Note: You can also Bring Your Own Key (BYOK) for upstream providers using the X-Provider-Authorization header.

POST

/v1/chat/completions

Standard OpenAI-compatible chat completion endpoint. Supports JSON mode, streaming, and function calling. All standard OpenAI parameters (temperature, max_tokens, top_p, etc.) are passed through to the upstream provider.

Parameters

Param Type Required Description
model string Yes Target model (e.g. openai/gpt-4o)
messages array Yes Chat history
stream boolean No Enable streaming response
tools array No Tool definitions for function calling
schema object No JSON Schema for Contract Mode (3 credits). Use extra_body wrapper for OpenAI SDK.

Streaming

StreamFix supports Server-Sent Events (SSE) with token-by-token repair. The FSM engine buffers only the minimum tokens needed (approximately 10 characters) to apply repairs without delaying the stream.

Real-Time Repair: Unquoted keys, trailing commas, and <think> tags are fixed/stripped on-the-fly. The client receives valid JSON chunks with sub-millisecond overhead.

Example

from openai import OpenAI

client = OpenAI(
    base_url="https://streamfix.dev/v1",
    api_key="sk_YOUR_KEY"
)

stream = client.chat.completions.create(
    model="openai/gpt-4o",
    messages=[{"role": "user", "content": "List 3 items as JSON"}],
    stream=True
)

# Chunks arrive repaired in real-time
for chunk in stream:
    delta = chunk.choices[0].delta.content
    if delta:
        print(delta, end="", flush=True)

Repair Pipeline

Every response passes through a multi-stage pipeline. Each stage is independent and applies only when needed.

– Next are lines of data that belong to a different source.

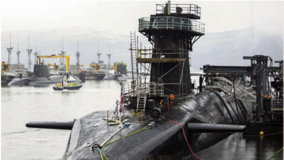
Submarino nuclear HMS Vigilant atracado en la HMNB Clyde.

Concretamente, el sector naval británico sería uno de los más afectados en esta posible independencia, ya que los astilleros escoceses son los responsables de llevar a cabo los grandes programas navales del Reino Unido, como
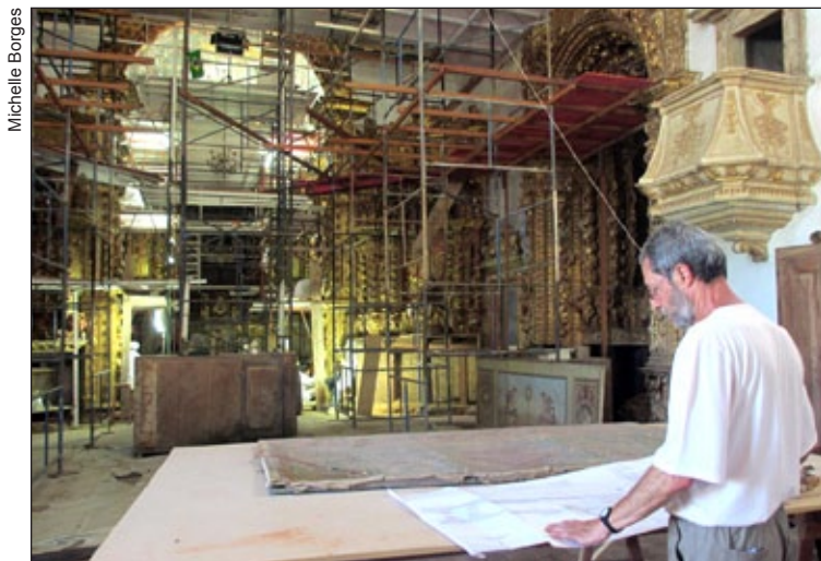
Previsão é de que as obras finalizem em abril

Para preservar o trabalho que foi realizado é preciso promover as condições ideais, como as manutenções periódicas. “É indispensável realizar limpezas, a descupinização, que é o processo utilizado para a eli-
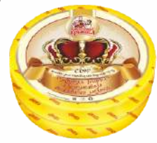
Сыр «Король Генрих» с ароматом топленого молока 50 %
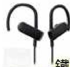
鐵三角 藍牙無線運動耳機
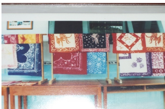
Gambar 22. Pameran batik di SD Karangturi
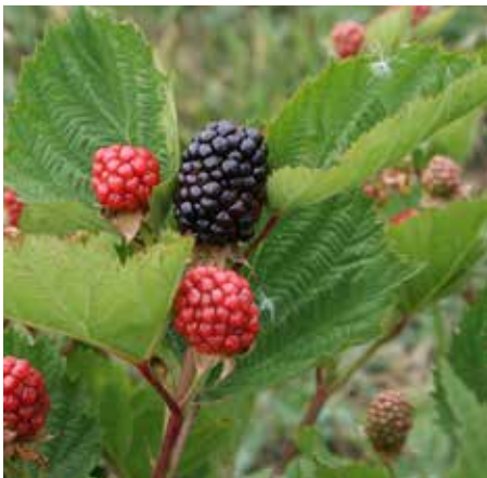
Demeter-Beeren von Bauernhof Weggun

Wer erklären will, wie BioBoden Flächen sichert, kann es sich ganz einfach machen. Das klingt dann ungefähr so: Die Genossenschaft kauft Flächen und verpachtet sie an Bio-Landwirte. Fertig. Doch leider ist es wie im echten Leben: Es ist viel bunter und komplexer, als man annimmt. Greifen wir also zur Lupe und schauen genau hin: Wie macht BioBoden das?
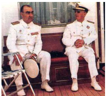
Luis Carrero Blanco & Francisco Franco

Πέρα από το τεράστιο πολιτικό αντίκτυπο που δημιούργησε σε παγκόσμιο επίπεδο, ενίσχυσε και το παραδοσιακό ποδοσφαιρικό μίσος ανάμεσα στην Ατλέτικ Μπιλμπάο και τη Ρεάλ Μαδρίτης.
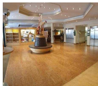
martas Hotel Lutherstadt Wittenberg
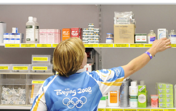
١٥٠٠ فحص تجري للكشف عن المنشطات

بكين / وكالات كشفت اللجنة الأولمبية الدولية انها اجرت ١٥٠٠ فحص للكشف عن المنشطات حتى الآن أي ما يعادل ثلث الفحوصات ال ٤٥٥٠ التي أعلنت انها ستقوم بها طيلة النهائيات. وتابعت اللجنة الأولمبية الدولية انه تم اكتشاف حالة ايجابية واحدة حتى الآن وتنتقل بالدرجاة الاسبانية ماريبييل مورينو التي أثبتت
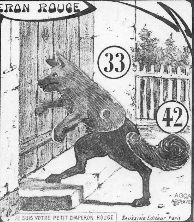
JE SUIS VOTRE PETIT CHAPERON ROUGE
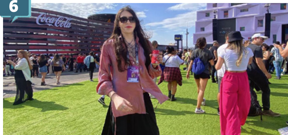
Boss in Drama
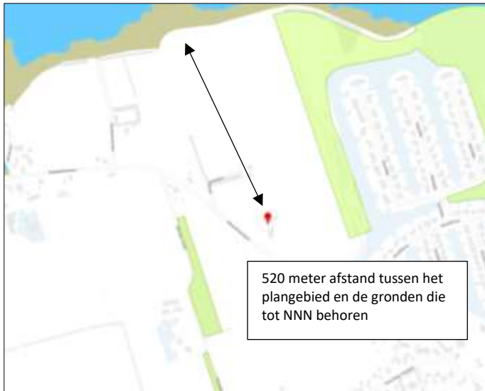
Ligging van Natuurnetwerk Nederland in de omgeving van het plangebied. De ligging van het plangebied wordt met de rode marker aangeduid. Gronden die tot Natuurnetwerk Nederland behoren worden met de blauwe en bruine kleur op de kaart aangeduid. De lichtgroene kleur valt buiten de NNN.
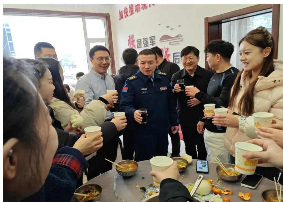
▲ 军人家属、人武部官兵与地方领导共进拥军餐。

Extract (FSM) Repair (syntax) Coerce (types) Validate (schema) Retry

Stage 1: Extraction

Isolates JSON from surrounding prose, markdown fences, and reasoning tags.

Repair NameDescription
fence_stripRemoves markdown code fences (```json ... ```)
think_tag_stripStrips <think>...</think> reasoning tags (DeepSeek, etc.)
prose_extractExtracts JSON object/array from surrounding prose text

Stage 2: Syntax Repair

Fixes common JSON syntax violations produced by LLMs.

Repair NameDescription
remove_trailing_commaRemoves trailing commas before } or ]
quote_unquoted_keysWraps unquoted object keys in double quotes
fix_single_quotesConverts single-quoted strings to double-quoted
close_truncated_jsonCloses unclosed braces/brackets from truncated output
fix_python_literalsConverts Python True/False/None to JSON equivalents
fix_leading_zerosRemoves invalid leading zeros from numbers (e.g. 007 to 7)
insert_null_for_empty_valuesReplaces empty values with null (e.g. {"key": })

Stage 3: Contract

Applied when a schema is provided (Contract Mode).

Repair NameDescription
type_coerceCoerces values to match schema types (see Type Coercion)

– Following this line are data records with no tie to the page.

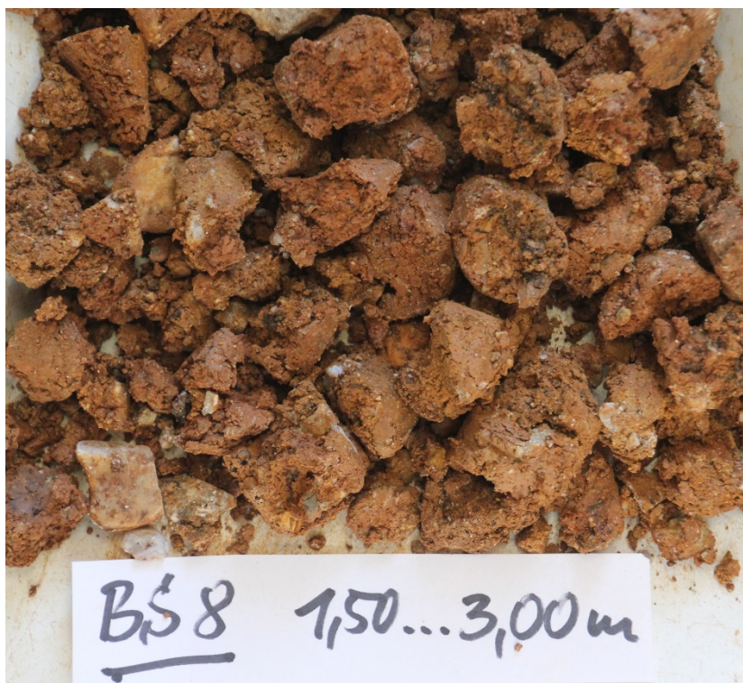
Foto 33: Bohrung BS 8 – Bohrkern 1,50...3,00 m/ Hang-/ Geschiebelehm
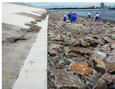
南陽（藤前）海岸堤防の小段

藤前干潟には、残されたからこそ多くの人に来てほしい、という思いがあるんですよ。藤前干潟協議会で、藤前干潟に面する堤防に小段を作るかどうかの議題が出たとき、作るのに結構反対意見がありました。私は多くの人が藤前干潟に来て、リピーターもたくさん来てほしいと思ってるんです。小段があればすごく歩きやすいし、干潟に近くなりますから、小段を作るのに賛成したんですよ。あまり来る人を制限すること自体好きじゃないですね。来てもらったら極力干潟に入ってもらいたいですね。干潟への立ち入る範囲は、ある程度ルール化して、「これ以上行かないでね」、と言えればいいと思うし。尾瀬（福島県・新潟県・群馬県・栃木県にまたがる湿原）なんかは、人が歩ける木道がちゃんと整備されて、行けるところは決まって、自然にそんなに負荷はないと思うし。藤前でもそうなれたら一番いいなあと思ってますけどね。尾瀬も四季で違うじゃないですか。藤前は、今は夏だから鳥たちはあまり来てないですけど、四季によって来る鳥は違うし、その良さがあるんですから、一度来た人にはまた来てもらいたいですね。
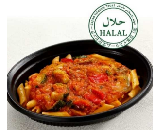
ベジタブルペンネ

Schema Validation (Contract Mode)

Enforce strict adherence to a JSON Schema. When a schema is provided, StreamFix runs the full pipeline: repair the syntax, coerce types to match, validate against the schema, and auto-retry with a schema-aware prompt if validation fails.

Auto-Retry: On validation failure, StreamFix re-prompts the model with a schema-aware system message that includes enum values, min/max constraints, and required fields. Maximum 1 retry per request.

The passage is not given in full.